I just ordered this from Amazon, BlackVue DR650S-2CH-IR Dashcam. It's very pricey but it has everything I want, including accepting 128 gig memory cards, and the second cam has IR lights built in to illuminate the car interior. It hasn't even been delivered yet, but when I've had it for a couple of weeks I'll post something on it.
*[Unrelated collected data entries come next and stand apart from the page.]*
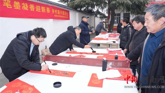 座談會后,“迎新春·送春聯(lián)”文化惠民活動在村部大院熱烈展開。活動特邀中國水利書法家協(xié)會副主席李憲章、寒潮,理事兼河南省水利書法家協(xié)會主席胡建剛,理事李中飛現(xiàn)場揮毫。紅紙鋪展,墨香四溢,書法家們應村民之請,執(zhí)筆書寫下一幅幅寓意吉祥的春聯(lián)和飽滿的“福”字。“躍馬揚鞭奔富路,迎春接福啟新章”“鄉(xiāng)村振興馳駿馬,民生幸福沐春風”……字里行間寄托著美好的祝愿。村民們手捧墨跡未干的春聯(lián),笑容洋溢,現(xiàn)場充滿濃厚的喜慶氣氛。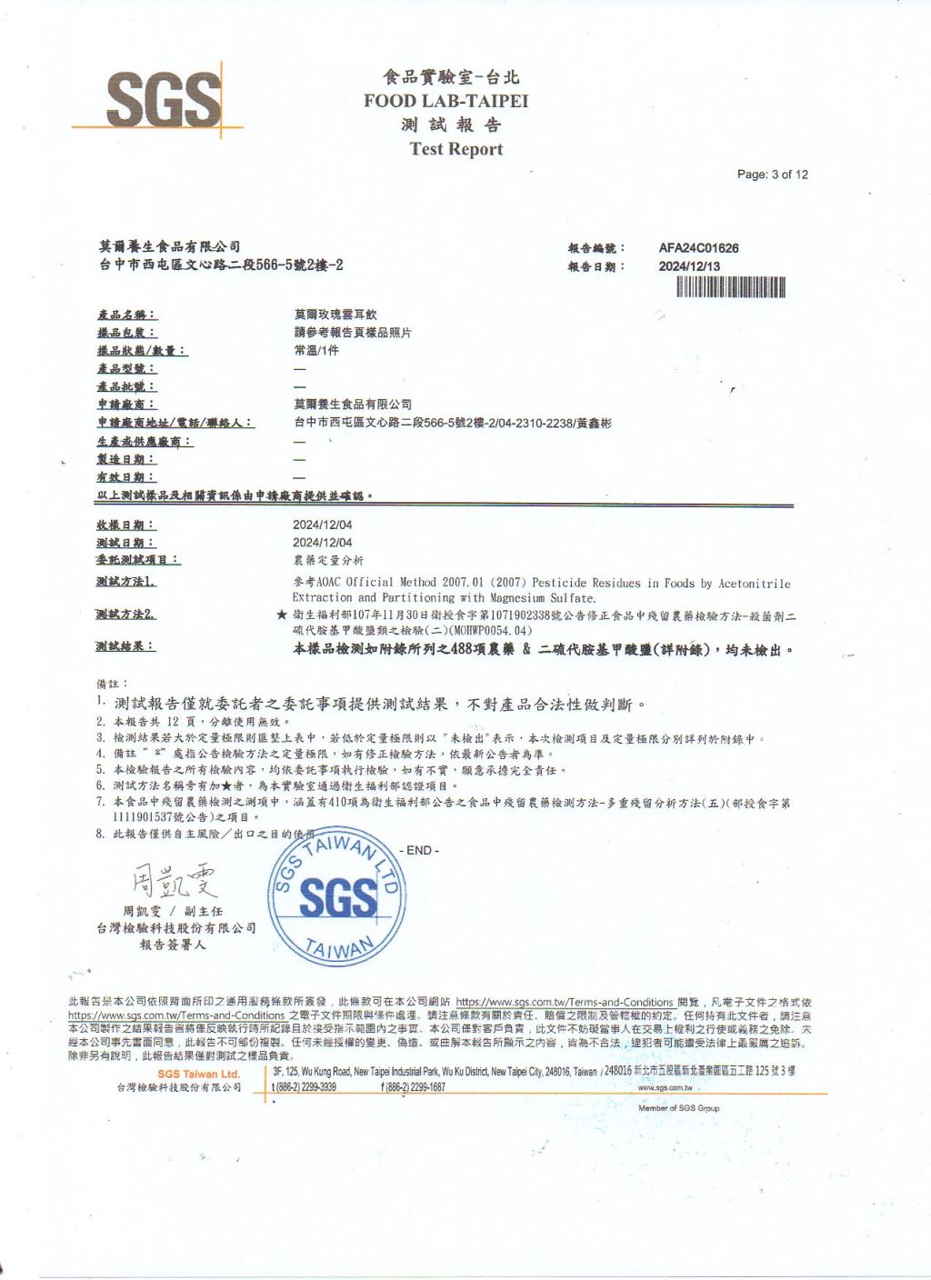 玫瑰雲耳飲 檢驗報告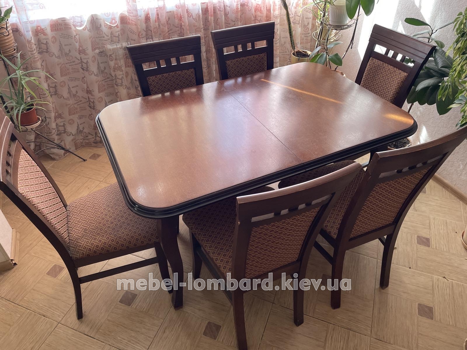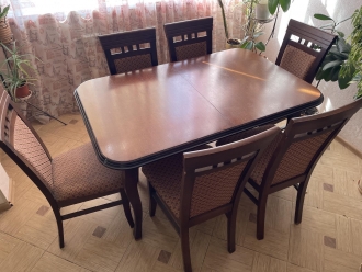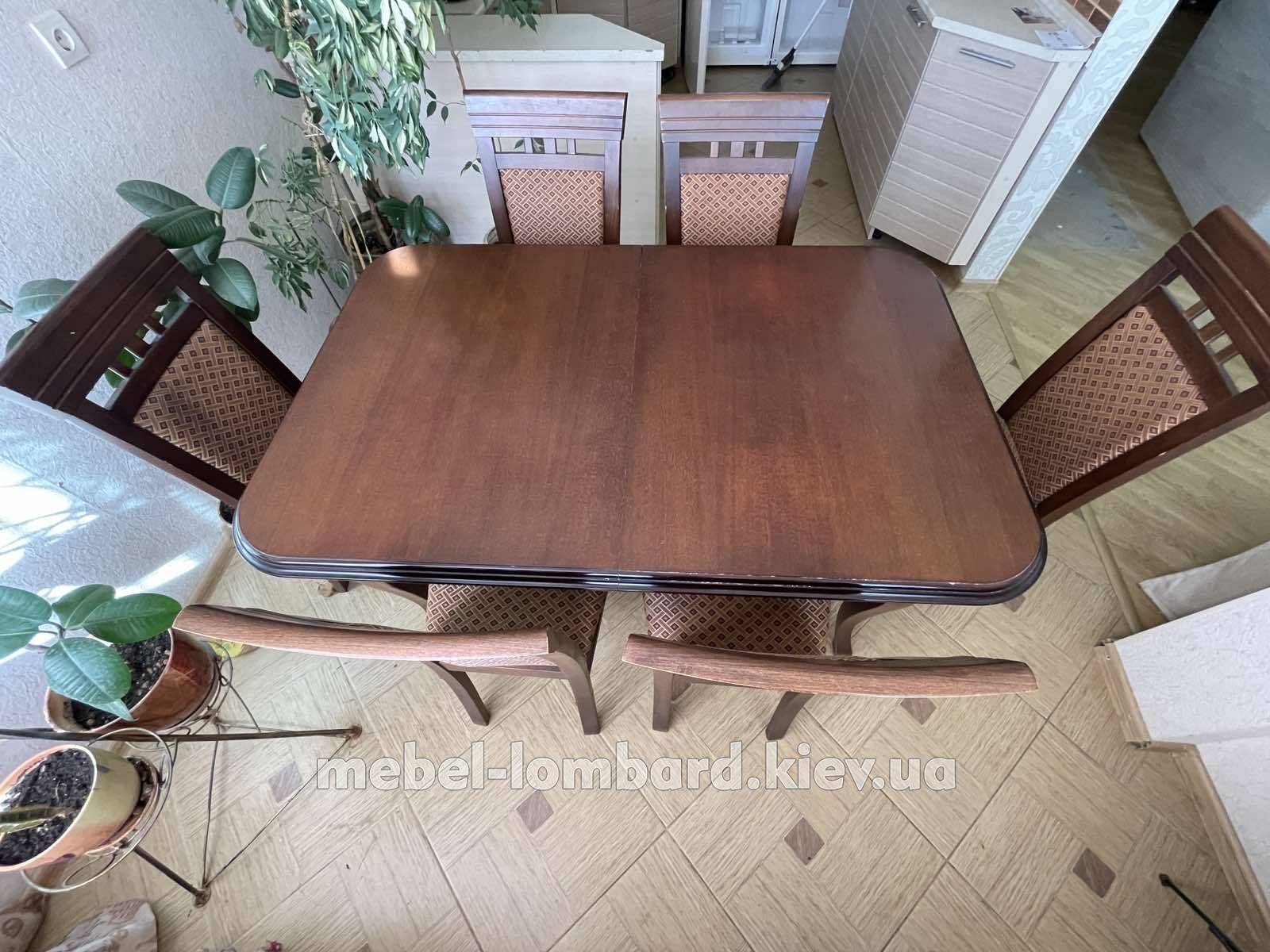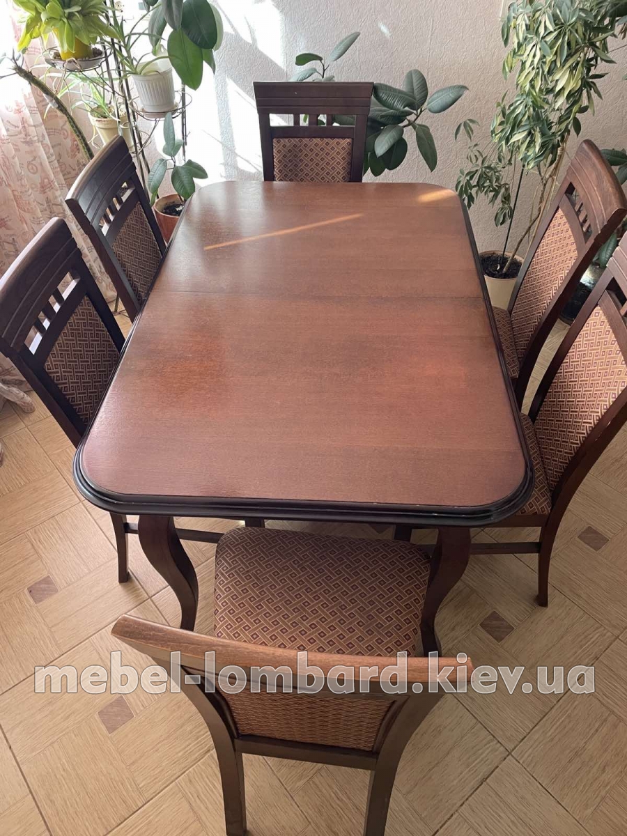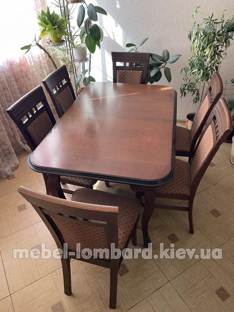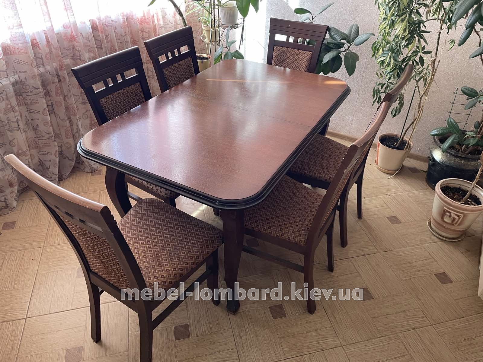 Стол раскладной + 6 стульев "Орех" бу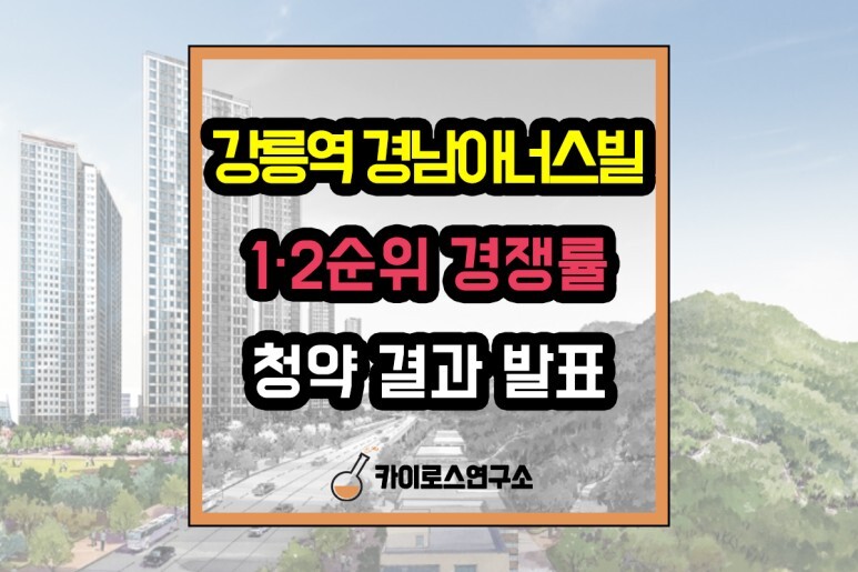 어제인 12월27일(월) 강릉역 경남아너스빌 더센트로의 특별공급 경쟁률 발표가 있었습니다. 최고 경쟁률 9.33 : 1 을 기록했는데요. 12월28일(화) 오늘 저녁 7시30분 일반공급 1순위 경쟁률이 발표됐습니다.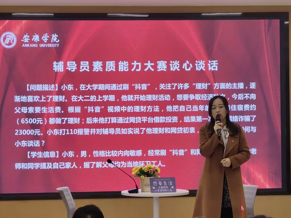 本次大赛分为初赛和决赛两个阶段,初赛采用基础知识测试的形式,从46名辅导员中遴选6名辅导员进入决赛角逐一二等奖。决赛包括案例分析和谈心谈话两个环节,全面考察辅导员对员工特征、成长成才规律的掌握程度及分析问题、研判问题、解决问题、应急处突等能力。参赛辅导员全方位展示了个人素养、知识储备和专业技能,充分彰显了辅导员队伍良好的专业素养和育人风采以及担当实干、追求卓越的精神品质。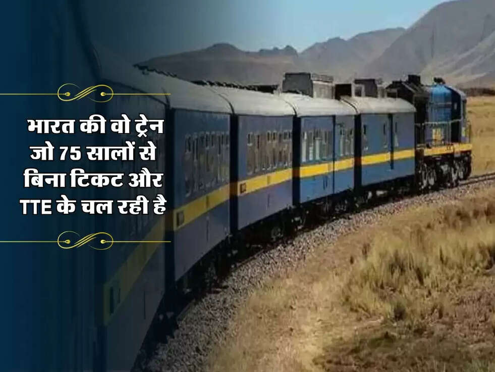 Indian Railways : भारत में एक ऐसी ट्रेन है, जो पिछले 75 सालों से यात्रियों को बिना किसी टिकट और TTE के यात्रा करवा रही है। यह ट्रेन एक विशेष उद्देश्य को ध्यान में रखते हुए चलाई जा रही है, जिसमें यात्रियों से कोई शुल्क नहीं लिया जाता है। अगर आप भी इस ट्रेन के बारे में जानना चाहते हैं, तो जानिए इसे क्यों और कैसे चलाया जा रहा है, पूरी जानकारी के लिए नीचे पढ़ें पूरी डिटेल।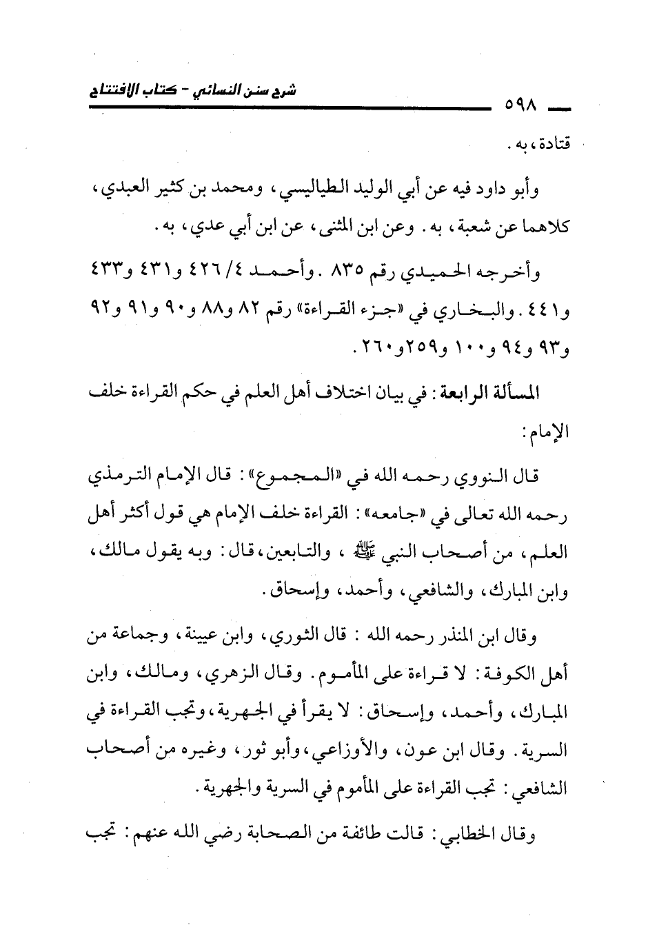 المسألة الرابعة: في بيان اختلاف أهل العلم في حكم القراءة خلف الإمام:
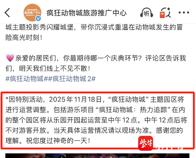 据上海迪士尼度假区公众号一则活动预告推文介绍,为庆祝《疯狂动物城2》上映,自2025年11月18日起,上海迪士尼推出一系列新体验,疯狂动物城园区开启新篇章,11月18日当日园区内会举办《疯狂动物城2》全球庆典活动。同时,据疯狂动物城旅游推广中心微博消息,因特别活动,11月18日整个疯狂动物城主题园区将从乐园开园起运营至中午12点,12点后将不对游客开放。此外,乐园通常开园时间为早上8:30,持有“早享卡”的游客可提前1小时(即7:30)入园。结合孙永辰所提到的通知牌内容来看,游客在该园区当天开放的任意时间内进入,都有可能会被拍摄。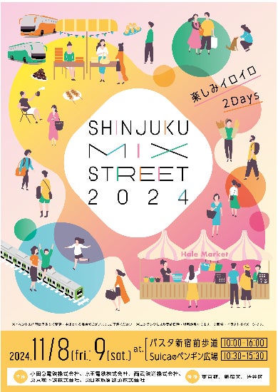 小田急電鉄株式会社、京王電鉄株式会社、西武鉄道株式会社、東京地下鉄株式会社、東日本旅客鉄道株式会社が共同して、2024年11月8日(金)、9日(土)に、甲州街道(バスタ新宿前)歩道・Suicaのペンギン広場にて、公共空間等を活用した賑わいの創出を目指す「SHINJUKU MIX STREET 2024」を開催します。

I wish I could say it will pay for itself, but the only way it will is if I need it to defend myself against false accusation by passengers or other drivers. I'm thinking of it as a form of insurance that I hope I never have to use.


----------



## The Ombudsman (Nov 2, 2016)

yojimboguy said:


> I just ordered this from Amazon, BlackVue DR650S-2CH-IR Dashcam. It's very pricey but it has everything I want, including accepting 128 gig memory cards, and the second cam has IR lights built in to illuminate the car interior. It hasn't even been delivered yet, but when I've had it for a couple of weeks I'll post something on it.
> 
> I wish I could say it will pay for itself, but the only way it will is if I need it to defend myself against false accusation by passengers or other drivers. I'm thinking of it as a form of insurance that I hope I never have to use.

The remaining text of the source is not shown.